_Exercise prompt:_
Print the listing as it stands, omitting all images.

_Recorded data:_

—————

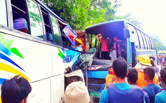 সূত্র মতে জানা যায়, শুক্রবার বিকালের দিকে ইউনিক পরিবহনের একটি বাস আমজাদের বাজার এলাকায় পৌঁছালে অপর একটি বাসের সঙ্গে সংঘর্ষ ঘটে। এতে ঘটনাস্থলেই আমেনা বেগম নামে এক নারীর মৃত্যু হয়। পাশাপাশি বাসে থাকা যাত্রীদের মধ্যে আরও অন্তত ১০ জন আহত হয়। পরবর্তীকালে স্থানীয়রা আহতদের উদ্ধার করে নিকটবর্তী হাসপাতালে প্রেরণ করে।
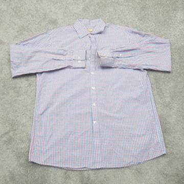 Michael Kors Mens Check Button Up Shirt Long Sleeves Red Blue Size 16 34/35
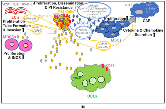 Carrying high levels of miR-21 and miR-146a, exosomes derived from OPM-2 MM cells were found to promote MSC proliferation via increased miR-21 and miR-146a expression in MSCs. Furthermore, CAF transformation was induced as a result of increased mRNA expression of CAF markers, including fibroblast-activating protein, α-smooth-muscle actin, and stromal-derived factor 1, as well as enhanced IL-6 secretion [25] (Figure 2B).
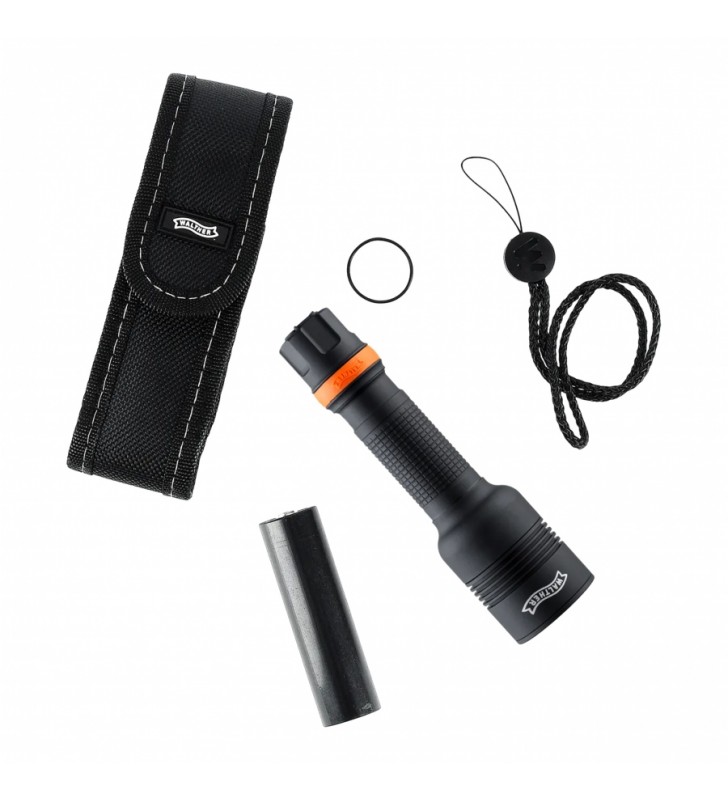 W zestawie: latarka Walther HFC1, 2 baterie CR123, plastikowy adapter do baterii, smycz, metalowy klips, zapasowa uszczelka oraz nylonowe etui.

—————

_Response area:_
 সূত্র মতে জানা যায়, শুক্রবার বিকালের দিকে ইউনিক পরিবহনের একটি বাস আমজাদের বাজার এলাকায় পৌঁছালে অপর একটি বাসের সঙ্গে সংঘর্ষ ঘটে। এতে ঘটনাস্থলেই আমেনা বেগম নামে এক নারীর মৃত্যু হয়। পাশাপাশি বাসে থাকা যাত্রীদের মধ্যে আরও অন্তত ১০ জন আহত হয়। পরবর্তীকালে স্থানীয়রা আহতদের উদ্ধার করে নিকটবর্তী হাসপাতালে প্রেরণ করে।
 Michael Kors Mens Check Button Up Shirt Long Sleeves Red Blue Size 16 34/35
 Carrying high levels of miR-21 and miR-146a, exosomes derived from OPM-2 MM cells were found to promote MSC proliferation via increased miR-21 and miR-146a expression in MSCs. Furthermore, CAF transformation was induced as a result of increased mRNA expression of CAF markers, including fibroblast-activating protein, α-smooth-muscle actin, and stromal-derived factor 1, as well as enhanced IL-6 secretion [25] (Figure 2B).
 W zestawie: latarka Walther HFC1, 2 baterie CR123, plastikowy adapter do baterii, smycz, metalowy klips, zapasowa uszczelka oraz nylonowe etui.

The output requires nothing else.